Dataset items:
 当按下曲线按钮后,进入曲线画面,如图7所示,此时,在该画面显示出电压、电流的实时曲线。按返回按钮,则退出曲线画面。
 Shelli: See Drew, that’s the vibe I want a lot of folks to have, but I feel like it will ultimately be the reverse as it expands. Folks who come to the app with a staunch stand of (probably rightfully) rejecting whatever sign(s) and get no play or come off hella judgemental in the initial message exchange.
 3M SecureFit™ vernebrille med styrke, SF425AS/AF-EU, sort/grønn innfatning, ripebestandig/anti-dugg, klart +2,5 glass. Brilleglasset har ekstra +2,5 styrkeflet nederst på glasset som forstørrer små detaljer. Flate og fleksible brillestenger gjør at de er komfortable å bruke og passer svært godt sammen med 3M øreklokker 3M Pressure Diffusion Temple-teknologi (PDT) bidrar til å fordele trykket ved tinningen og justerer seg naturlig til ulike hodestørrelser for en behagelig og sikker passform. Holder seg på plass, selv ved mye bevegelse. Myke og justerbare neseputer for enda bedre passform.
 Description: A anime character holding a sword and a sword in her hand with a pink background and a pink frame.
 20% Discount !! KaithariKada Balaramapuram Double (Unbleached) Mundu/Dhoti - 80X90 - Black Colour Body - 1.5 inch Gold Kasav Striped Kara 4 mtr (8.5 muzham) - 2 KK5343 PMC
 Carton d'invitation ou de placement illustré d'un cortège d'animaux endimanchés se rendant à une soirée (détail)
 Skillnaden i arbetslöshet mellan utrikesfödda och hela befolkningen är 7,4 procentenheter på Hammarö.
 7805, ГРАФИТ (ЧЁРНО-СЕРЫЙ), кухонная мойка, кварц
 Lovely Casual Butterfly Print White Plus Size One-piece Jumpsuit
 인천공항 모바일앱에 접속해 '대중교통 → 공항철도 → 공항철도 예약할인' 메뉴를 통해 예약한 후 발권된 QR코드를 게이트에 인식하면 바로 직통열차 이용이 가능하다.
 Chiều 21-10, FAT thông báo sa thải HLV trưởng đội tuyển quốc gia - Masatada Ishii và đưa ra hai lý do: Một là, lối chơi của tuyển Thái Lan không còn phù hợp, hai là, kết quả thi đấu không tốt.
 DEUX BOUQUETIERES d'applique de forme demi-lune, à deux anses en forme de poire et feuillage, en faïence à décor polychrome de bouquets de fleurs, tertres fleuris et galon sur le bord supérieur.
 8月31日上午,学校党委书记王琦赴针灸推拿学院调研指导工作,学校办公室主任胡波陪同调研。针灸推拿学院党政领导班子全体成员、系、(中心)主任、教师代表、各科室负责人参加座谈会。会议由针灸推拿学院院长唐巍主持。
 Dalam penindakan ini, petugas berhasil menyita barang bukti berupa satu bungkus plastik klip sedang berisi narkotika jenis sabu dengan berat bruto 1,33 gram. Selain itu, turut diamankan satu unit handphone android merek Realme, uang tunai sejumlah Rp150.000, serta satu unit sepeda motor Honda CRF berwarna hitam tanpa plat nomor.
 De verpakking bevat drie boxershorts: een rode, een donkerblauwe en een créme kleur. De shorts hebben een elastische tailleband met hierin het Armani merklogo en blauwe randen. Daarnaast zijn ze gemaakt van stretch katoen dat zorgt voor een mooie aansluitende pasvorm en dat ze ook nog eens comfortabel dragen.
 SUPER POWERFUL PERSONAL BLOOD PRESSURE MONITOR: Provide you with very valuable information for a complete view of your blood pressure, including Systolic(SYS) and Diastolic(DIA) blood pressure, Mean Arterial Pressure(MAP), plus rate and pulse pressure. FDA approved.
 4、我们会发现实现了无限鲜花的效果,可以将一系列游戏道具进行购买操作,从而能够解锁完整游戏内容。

→ **Assignment**
Pull out every line of the records that includes the string "with".

→ **Response area**
 Shelli: See Drew, that’s the vibe I want a lot of folks to have, but I feel like it will ultimately be the reverse as it expands. Folks who come to the app with a staunch stand of (probably rightfully) rejecting whatever sign(s) and get no play or come off hella judgemental in the initial message exchange.
 Description: A anime character holding a sword and a sword in her hand with a pink background and a pink frame.
 SUPER POWERFUL PERSONAL BLOOD PRESSURE MONITOR: Provide you with very valuable information for a complete view of your blood pressure, including Systolic(SYS) and Diastolic(DIA) blood pressure, Mean Arterial Pressure(MAP), plus rate and pulse pressure. FDA approved.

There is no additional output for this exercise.